硬碳动力学特性对钠离子电池低温性能的影响及机制

徐雄文¹^,²(), 莫英¹(), 周望¹, 姚环东², 洪娟², 雷化², 涂健², 刘继磊¹()

^1.湖南大学材料科学与工程学院，湖南长沙 410082
^2.湖南立方新能源科技有限责任公司，湖南株洲 412000

收稿日期:2024-05-06 修回日期:2024-05-29 出版日期:2024-07-28 发布日期:2024-07-23
通讯作者: 刘继磊 E-mail:xavixu@lifuntech.com;yingmo@hnu.edu.cn;liujilei@hnu.edu.cn
作者简介:徐雄文（1984—），男，博士研究生，高级工程师，研究方向为锂（钠）离子电池，E-mail：xavixu@lifuntech.com
莫英（1998—），女，博士研究生，研究方向为钠离子电池硬碳负极，E-mail：yingmo@hnu.edu.cn；
基金资助:
岳麓山工业创新中心重点项目(2023YCII0119)

Effect of hard carbon kinetic properties on low-temperature performance of Na-ion batteries

Xiongwen XU¹^,²(), Ying MO¹(), Wang ZHOU¹, Huandong YAO², Juan HONG², Hua LEI², Jian TU², Jilei LIU¹()

^1.School of Materials Science and Engineering, Hunan University, Changsha 410082, Hunan, China
^2.LI -FUN Technology Corporation Limited, Zhuzhou 412000, Hunan, China

Received:2024-05-06 Revised:2024-05-29 Online:2024-07-28 Published:2024-07-23
Contact: Jilei LIU E-mail:xavixu@lifuntech.com;yingmo@hnu.edu.cn;liujilei@hnu.edu.cn

摘要/Abstract

摘要：

以磷酸焦磷酸铁钠(NFPP)为正极，硬碳(HC)为负极，制作了软包钠离子电池，研究了不同动力学性能的硬碳对钠离子电池循环性能和低温性能的影响。借助电化学交流阻抗谱(EIS)、弛豫时间分析技术(DRT)以及恒电流间歇滴定技术(GITT)等分析手段对比研究了不同硬碳的电荷转移阻抗、SEI阻抗以及扩散系数大小，得到了动力学性能趋势：HC-A＞HC-C＞HC-B。结果表明，硬碳的动力学性能直接影响到钠离子电池的循环性能和低温放电性能。动力学性能最优的生物质硬碳HC-A不仅可以支持室温下5C快速充电并且循环容量几乎无衰减，还表现出良好的低温性能，可以在0 ℃下0.5C充电和-10 ℃下0.2C充电并稳定循环，在-30 ℃下0.5C放电容量百分比达87.5%。动力学性能最差的树脂基硬碳HC-B无法支持15 ℃下0.5 C循环，且-30 ℃下0.5C放电容量百分比仅有83.7%。针对HC-B低温性能差的问题，提高电池设计的N/P比可以显著改善钠离子电池的低温性能，使得电池在-10 ℃下可以支持0.1C充电并稳定循环100圈，容量保持率几乎无变化。本工作对钠离子电池的设计优化和低温性能改进具有重要的参考价值。

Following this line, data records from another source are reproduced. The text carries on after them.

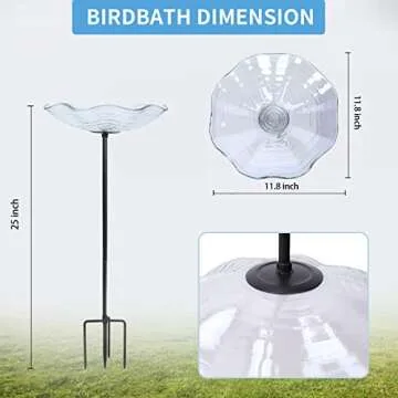 MUMTOP Outdoor Bird Bath - Stylish Glass Bowl with Metal Stake for Ideal Garden Decor
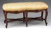 LARGE PORCELAIN FIGURAL GROUP. Group shows a man leading a horse with a double wagon seat saddle. An elegantly dressed woman and man sit atop the horse. Man with parasol and woman with basket of flowers. Horse is well mottled and stands on a naturalistic base with trees and stumps. Man is leading them to the side of a stairway for disembarking. Impress number “9642” on the side and an unidentified blue mark to base. SIZE: 13″ h x 15-1/2″ l x 7-1/2″ w. PROVENANCE: From a fine Bangor, Maine Mansion. CONDITION: Repairs and restoration. One finger missing. Otherwise good. 9-74216 (300-500)
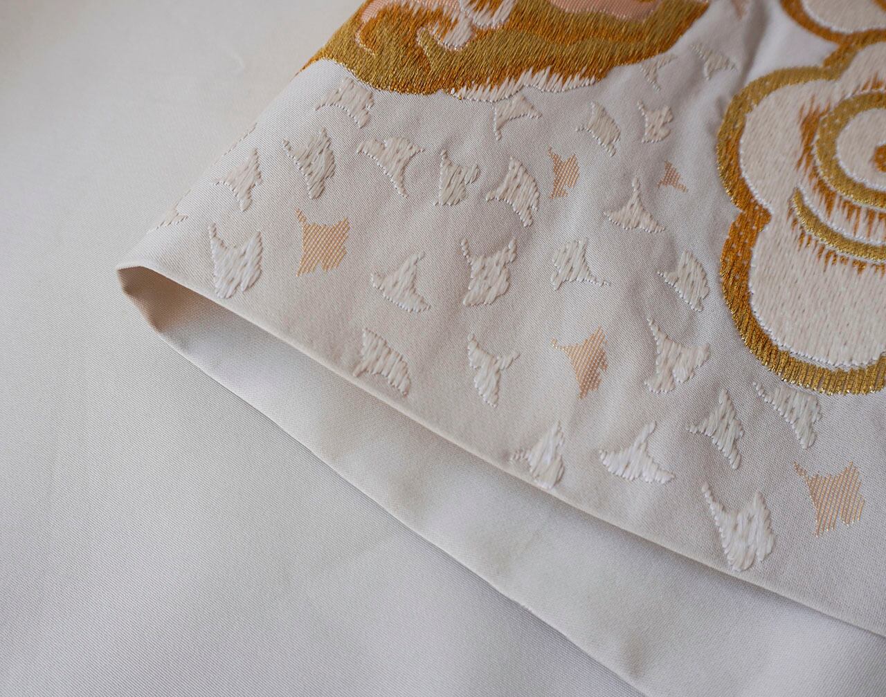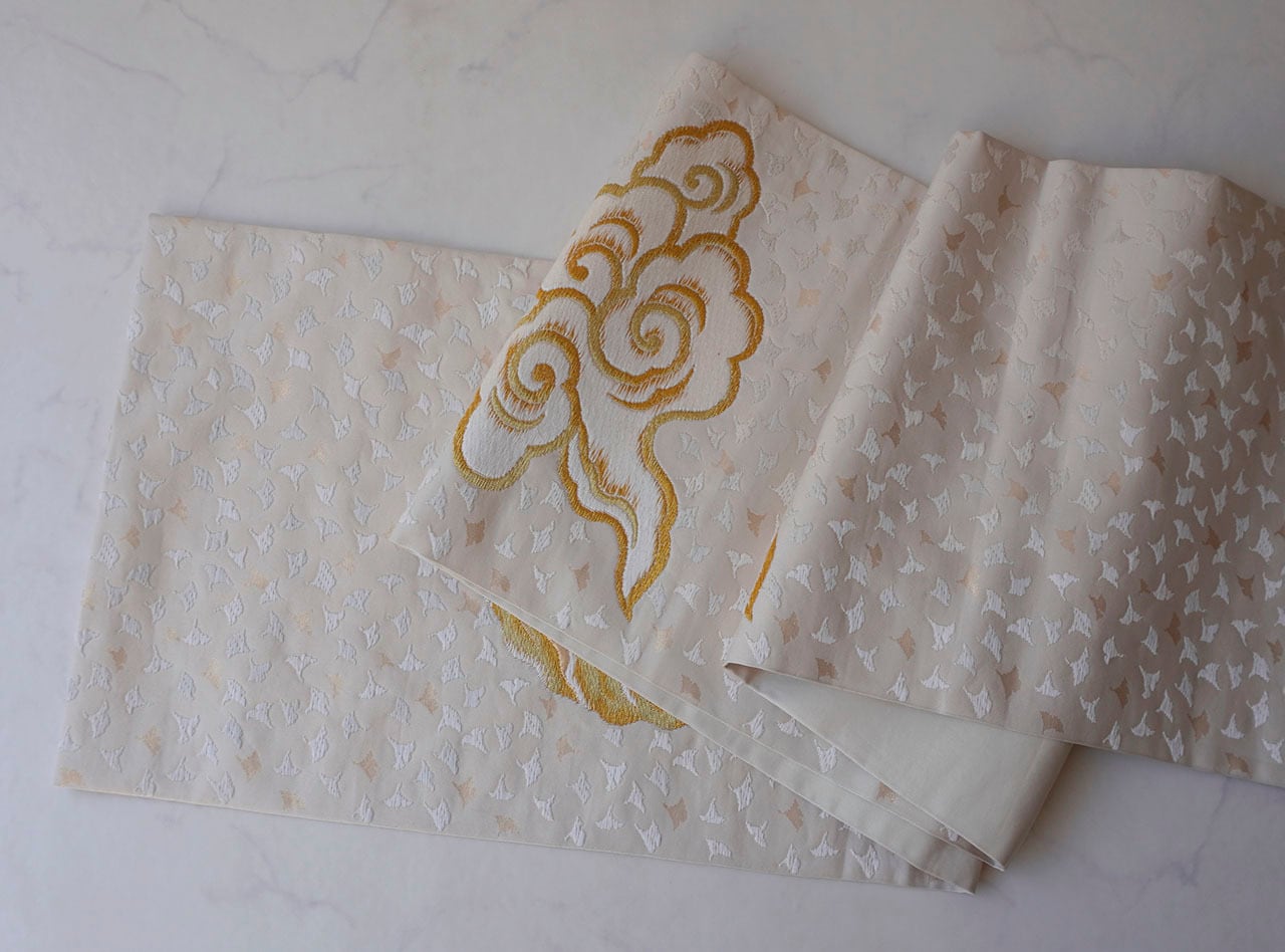 【ふくろ帯】胡粉色地 銀杏に雲文 唐織本ふくろ帯

关键词: 钠离子电池, 硬碳, 低温性能, 动力学, N/P比

Abstract:

Pouch-type Na-ion batteries were fabricated using a Na₄Fe₃(PO₄)₂P₂O₇ cathode and hard carbon (HC) anodes obtained from different sources: biomass-derived (HC-A), resin-derived (HC-B), and biomass-derived (HC-C). The effect of the HC anode on the cycling durability and low-temperature performance was investigated. The charge transfer impedance, solid electrolyte interphase impedance, and diffusion coefficient values were determined for the three HC anodes by electrochemical impedance spectroscopy, distribution of relaxation times, and galvanostatic intermittent titration technique. The kinetic properties, which directly affect the battery performance, showed the following trend: HC-A > HC-C > HC-B. The best cycling durability was obtained with HC-A, which was stable at room temperature with 5C fast charging and -10 ℃ with 0.2C charging. In addition, a capacity ratio of 87.5% was achieved with a 0.5C discharge at -30 ℃. The HC-B anode led to the lowest kinetic performance; it failed when cycling at 15 ℃ with 0.5C charging, and the capacity ratio was only 83.7% with a 0.5C discharge at -30 ℃. The low-temperature performance of the battery using HC-B was significantly improved by increasing the N/P ratio of the battery. After 100 cycles at -10 ℃ with 0.1C charging, the capacity retention remained stable at about 104%. This work represents an important foundation to improve the design of Na-ion batteries.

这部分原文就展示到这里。